[WORK TO COMPLETE]:
Each line from the one containing "По окончании всенощного" through the last line of the data below should be printed exactly, please, with any pictures omitted.

[THE DATA]:
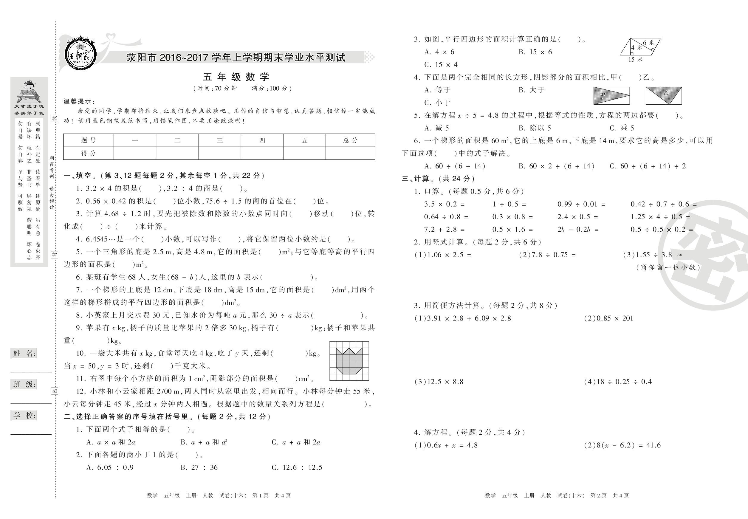 2016-2017学年第一学期荥阳市五年级数学试卷(人教版)【16】
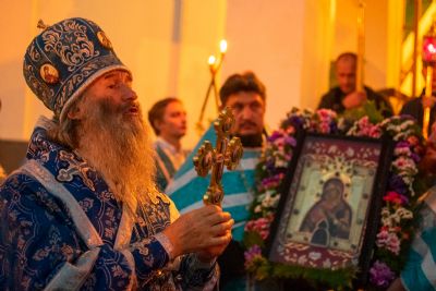По окончании всенощного бдения крестный ход с Мироносицкой иконой Богородицы продолжился и, обойдя вокруг домового храма, отправился к Вознесенскому собору, где святыню встретили духовенство и прихожане собора.
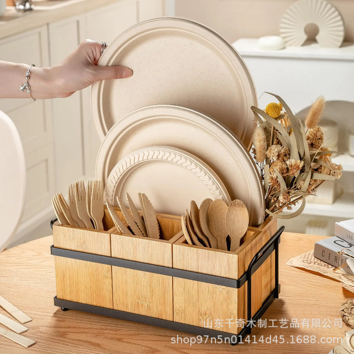 木製カトラリーボックスキッチン銀器ホルダー鉄製ナイフ、フォーク、箸収納ボックス学生文具コンパートメント収納ボックス

[REPLY TO THE TASK]:
По окончании всенощного бдения крестный ход с Мироносицкой иконой Богородицы продолжился и, обойдя вокруг домового храма, отправился к Вознесенскому собору, где святыню встретили духовенство и прихожане собора.
 木製カトラリーボックスキッチン銀器ホルダー鉄製ナイフ、フォーク、箸収納ボックス学生文具コンパートメント収納ボックス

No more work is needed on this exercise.